The instinct to protect participant engagement in clinical research is not the problem as there are various innovations supporting this aspect of studies and we all understand its importance. The engagement becomes a problem when it gets operationalized as a demographic proxy instead of being engineered into the protocol itself.

This reframe provides further insight regarding design upstream fix rather than downstream, toward blaming whoever is closest to the recruitment conversation.

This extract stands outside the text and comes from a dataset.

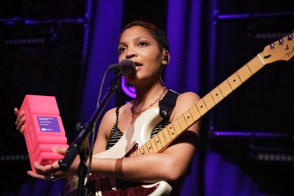 Gelukkig is er meer licht bij Sans Soucis. Met haar mix van r&b, electro en Gongolese rumba sleepte ze eerder op de avond de belangrijkste MME-award in de wacht. Vol trots toont ze haar prijs aan het toegestroomde publiek in het Grand Theatre.

These factors raise the question of where the fix actually belongs? A few structural changes would close a meaningful part of this gap without requiring anyone from study teams to compromise on data quality:

  • Build low-tech parity into the protocol, not as an afterthought. Paper-ePRO hybrid options, interactive voice response as a fallback channel, or simplified large-text interfaces should be designed in from protocol development, not retrofitted after a site flags an access problem. If a fallback only exists because a coordinator improvised one, then it’s not a system, it’s a workaround and it will not be consistent across sites.
  • Separate digital literacy support from eligibility. A patient who needs a one-time onboarding session to learn the ePRO app is not the same as a patient who is clinically unable to comply. Most protocols don’t distinguish between these, so study teams default to treating both as risk and self-select away from the first group along with the second.
  • Make caregiver-assisted entry a tracked, legitimate data field. If a meaningful share of real-world ePRO completion is caregiver-mediated, the case report form should capture that explicitly rather than treating it as noise or hiding it as unreported missing data.
  • Stratify health literacy and reading level alongside language, during instrument validation. Translation solves a language problem but it leaves comprehension unattended. Validated, literacy-graded versions of ePRO instruments would close a gap that translation alone leaves open.
  • Track screen-fail and pre-screen-decline reasons with enough granularity to see this pattern. Most sites don’t currently have a field for “PI/coordinator judged patient unlikely to manage technology” because that judgment is rarely made explicit, even to the coordinator themselves. Without a way to see this pattern in aggregate, across sites, in feasibility data, it stays invisible by design rather than by intention.
  • Include this as a feasibility assessment question. Feasibility assessments routinely ask whether a site has the patient population to enroll. They rarely ask whether the protocol’s engagement burden has been designed for the actual demographic profile of that population. That question belongs in feasibility, before the protocol is locked, not in a corrective amendment three years into enrollment.

This discussion is narrower and, I believe, more useful: when “engaged patient” quietly becomes shorthand for “educated, tech-savvy patient,” we have let an operational convenience become the unexamined eligibility criterion. The consequences of having such unaddressed inclusion criterion in the study is that the real-world population doesn’t match the trial population, and in outcomes data we then must explain rather than anticipate.

The fix isn’t asking PI and sites to compromise on data quality. It’s asking protocol designers to change their perspective regarding participant engagement in clinical research.

Currently, most teams would define this metric as something patients either do or do not have. In reality, participant engagement must be treated as something the clinical trial is responsible for building in.

About the Author

Rakshinda Mujeeb, PharmD, CRCP, ACRP-CP®, Research Projects Manager, Mediclinic Middle East.